Following the Time’s early ‘90s breakup, Day regularly toured under the name Morris Day and the Time. In 2008, the original members -- Day, Jimmy Jam, Jellybean Johnson, Jesse Johnson, Terry Lewis, Monte Moir and Jerome Benton -- reunited and began working on a new album.

“When Prince heard the news, he popped up out of nowhere and made it clear the record couldn’t carry the name the Time,” Day recalled in his memoir. “Turned out after thirty-one years he was reminding everyone that he still owned the name. Yet I’d been touring for decades under Morris Day and the Time, and all that while without a peep from Prince.”

Prince ultimately refused to let a new LP be released under the Time’s name. Instead, Day and his bandmates put out their 2011 album as the Original 7ven. That name would be used as the group toured in support of the LP, but Day reverted to Morris Day and the Time in following years while touring with a completely different lineup. He’d continued using that name without issue until the recent discourse.

Following the estate's statement, Day then released a letter he had received from the estate on Dec. 13, 2021 which noted that Day had sought a federal trademark registration for “Morris Day and The Time," and that, according to a 1982 agreement that Day allegedly signed, Prince’s company would maintain the rights to the band’s name.

“Accordingly, Mr. Day has no right to use or register ‘The Time’ in any form,” the letter said (via Billboard). “That includes use and registration of the trademark ‘Morris Day and the Time.’”

The estate threatened to block the trademark registration through legal action, but noted that they would “prefer to discuss this matter with [Day] and resolve it through an agreement," and that, under such an agreement, Day could license his own name back from the estate.

According to Day’s attorney Richard B. Jefferson, these arguments about the rights to the band name were “not accurate.”

“The written agreement between the parties gives our client the exclusive right to continue as Morris Day and the Time and is consistent with Prince’s long-standing consent,” Jefferson said to Billboard.
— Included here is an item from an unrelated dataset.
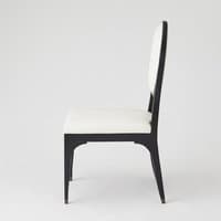 This gorgeous chair features a Hollywood Deco silhouette with top grain white leather and matte black lacquer finish. Solid brass hardware accents complete the look. Every bit of this chair is meticulously crafted and artisan finished - as well made as the luxury vintage pieces which inspired it!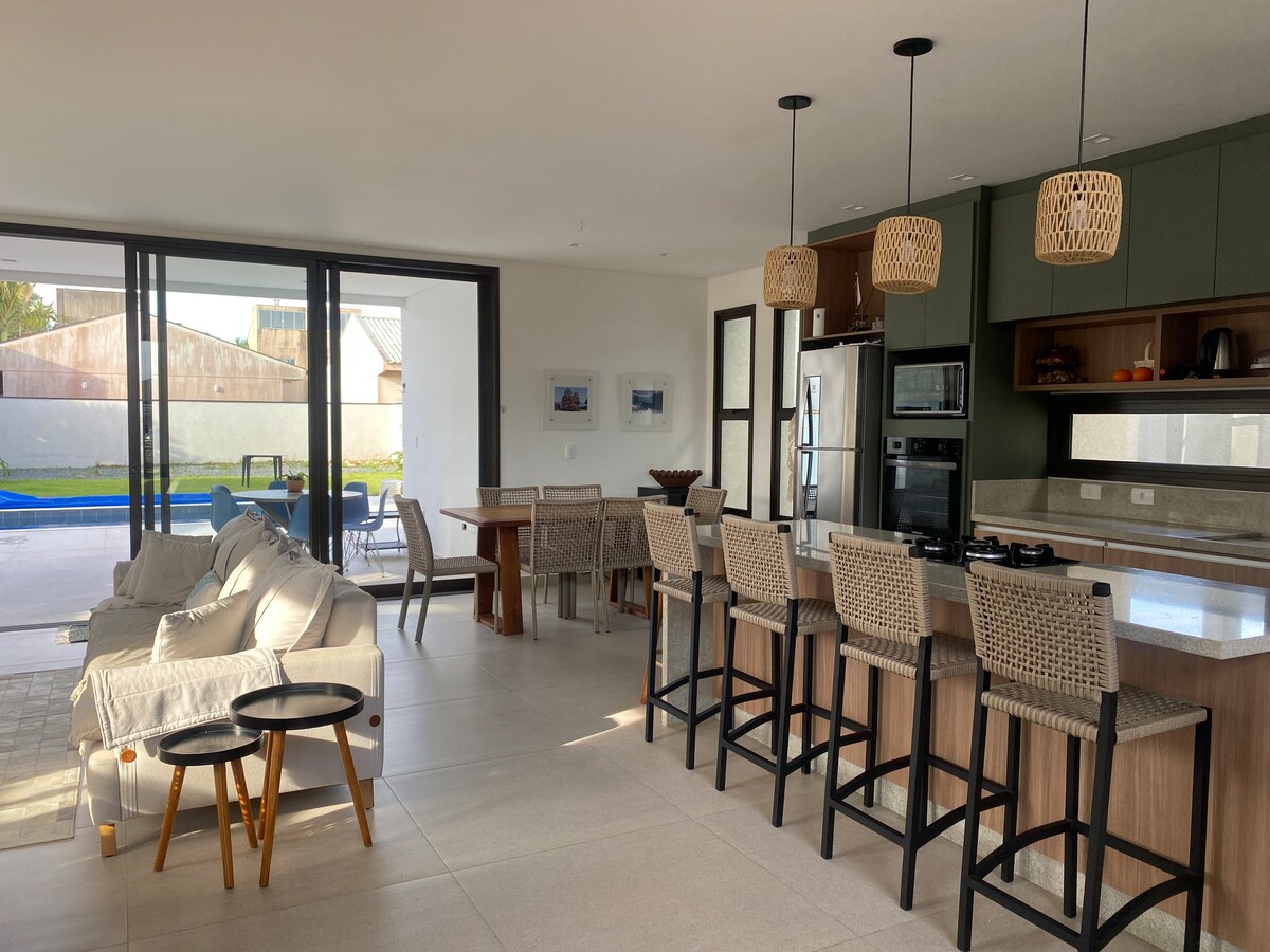 獨立一層房屋,最多可容納6人,擁有超現實的戶外區域,面向Barra do Saí海灘。只需攜帶食物、飲料和衣物,因為房子設備齊全。Wi-Fi、空調、床單、毛巾、洗髮精、護髮素、全套海灘用品、2臺配有IPTV的智慧電視、燒烤爐和2輛自行車,讓您隨心所欲地遊覽。室外區域配有鄉村風格的桌子、涼亭、室內按摩浴缸和溫水按摩浴缸、色光療法和令人驚嘆的私人電影院。我們歡迎寵物入住

Currently, Prince's estate is under the control of Comerica, a bank that was appointed to oversee the legal proceedings involving Prince's assets after he died without a will, meaning the aforementioned legal affair is between Day and Comerica, not Prince's actual heirs, which includes his siblings, as well as Primary Wave, a music industry group who purchased a 50 percent stake in the musician's estate.